Dr. P. Roy flushed. “Well, no, not exactly, sir. I did make sure her airway and O2 were okay. But it seemed pretty obvious she’d had another stroke and seized.”

“Really? Any focal signs in your neurological exam, now or then?” Earl referred to the abnormalities of sensation, movement, and reflexes that would have occurred in the specific region of her body controlled by whatever part of the brain a recent embolus might have injured.

“No, at least not any new ones that I could tell. She did have some minor abnormal reflexes from her previous event.”

“Shouldn’t there have been at least a change in those, if you attributed her seizure to another massive embolus? And it would have to have been massive to leave her comatose, wouldn’t it?”

“Well, yes-”

“Did you do bloods at all that morning?”

His face brightened. “Of course. They were all normal, including her sugar.”

“Was that sample drawn before or after you gave her an IV?”

Roy grew red in the face again. “After.”

“How long?”

He swallowed. “About an hour later.”

“An hour?”

“I ordered they be taken stat, but, well, on this ward, especially at night, we aren’t given much of a priority by the lab-”

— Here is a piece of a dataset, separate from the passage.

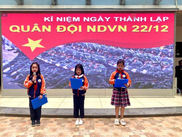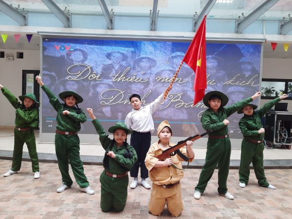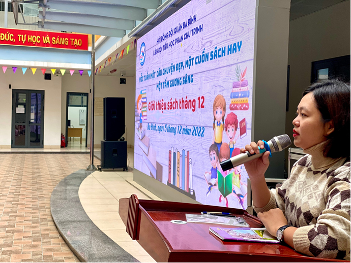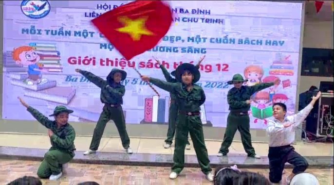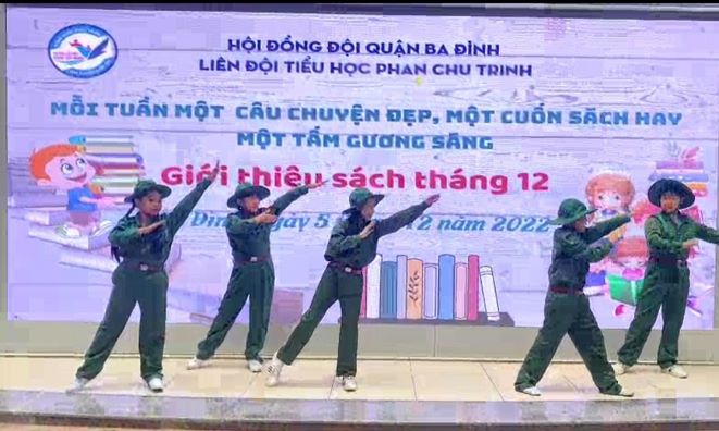 Chào mừng 50 năm ngày Chiến thắng Hà Nội- Điện Biên Phủ trên không và 78 năm ngày Thành Lập Quân đội nhân dân Việt Nam, sáng ngày 5/12/2022, trong tiết Sinh hoạt dưới cờ, Liên đội trường Tiểu học Phan Chu Trinh tổ chức Chuyên đề “Mỗi tuần một câu chuyện đẹp, một cuốn sách hay, một tấm gương sáng” và phối hợp với Thư viện trường giới thiệu Sách Tháng 12 “ Đội thiếu niên du kích Đình Bảng”

“Could you excuse us a minute, nurse?”

Tanya nodded, then slipped out the door.

Earl closed it behind her. “You should have insisted they make it a priority, Dr. Roy.” He had no patience for that kind of passivity in his own department, and always taught his residents to stand up to it.

“Why-”

“Had she signed a do not resuscitate order?”

“No, but I figured-”

“Figured you were her last stop before she got to God, and she deserved your best shot at bringing her around.”

“But-”

“What was in the IV?”

“Two-thirds, one-third,” he answered, referring to a common intravenous mixture of sodium chloride and glucose.

“So even if she was hypoglycemic when she’d seized, you’d expect a normal level of glucose afterward, since you had been infusing her with it.”

Roy flushed some more. “Yes, I guess, except why would this patient be hypoglycemic in the first place? She didn’t have a history of diabetes, let alone diabetic medications.”

“Ever hear of a medication error?”

Roy went an even deeper shade of red.

“The point is,” Earl continued, “at the time of finding someone comatose, you can’t presume anything about how the person got that way, especially since they can’t tell you what happened. So you ‘do the DONT’ as we say, running through all the possibilities beginning with checking her serum glucose. And if you haven’t got a dextrose stick handy, you still can figure that a single rapid bolus of concentrated IV glucose never hurt anyone, even a diabetic.” Untreated, nerve cells die by the millions for every second hypoglycemia is allowed to persist, and the patient is at risk to seize, choke to death, or lose enough brain tissue to end up a living vegetable. Every first-year medical student knows this, so Earl saw no need to point it out to Roy. “It’s good you at least gave her some sugar,” he continued, “but it was too slow and too little, as far as being any therapeutic benefit to her. All you accomplished was to wipe out any evidence that her level had been low in the first place.” Any medical student would also know that if Dr. P. Roy had acted properly, Bessie McDonald might not be in her current state. No point to rubbing it in. This guy looked sunburned enough already, and no one could ever prove it. But that’s what he would have trouble living with, once he digested all the facts. He’d never be able to disprove it either.